The Council on American-Islamic Relations (CAIR), the nation’s largest Muslim civil rights and advocacy organization, today expressed its support for legislation that would rename a memorial currently dedicated to Confederate General Robert E. Lee in Arlington, Va.
CAIR also expressed its support for a request by a Cherokee tribe to rename a North Carolina mountain currently named for a Confederate general.
Last week, Rep. Don Beyer (D-VA) and Sen. Tim Kaine (D-VA) introduced legislation to remove the designation of Arlington House, the former residence of Robert E. Lee, as a memorial to him. The legislation was reportedly prompted by a request by the descendants of people who were enslaved at Arlington House.
The Eastern Band of Cherokee Indians Tribal Council passed a resolution on Thursday calling for the highest peak in Great Smoky Mountains National Park from Clingmans Dome to Kuwahi, its historical indigenous name. The mountain is currently named for Confederate general and North Carolina senator Thomas Lanier Clingman.

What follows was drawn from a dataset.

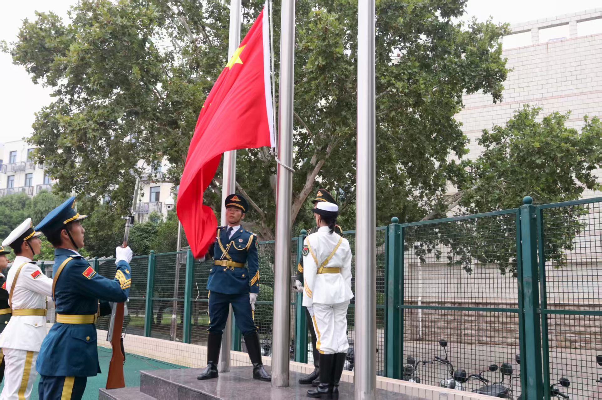 在激昂的《义勇军进行曲》中,国旗护卫队迈着整齐且矫健的步伐,神情庄严地将国旗护送至升旗台。伴随着国歌的旋律,五星红旗冉冉升起、迎风飘扬,全体师生庄严肃立,向国旗行注目礼。

With the support of the tribal government, activists plan to submit paperwork to the U.S. Board on Geographic Names for consideration.
“Monuments to the traitorous Confederacy are symbols of systemic racism and hate that should not have a place in our society,” said CAIR National Communications Coordinator Ismail Allison. “We support all efforts to end the celebration of those who waged war on our nation in order to preserve slavery and white supremacy.”
He noted that Washington, D.C., based CAIR has repeatedly called for the removal of Confederate holidays, flags, statues, and symbols nationwide.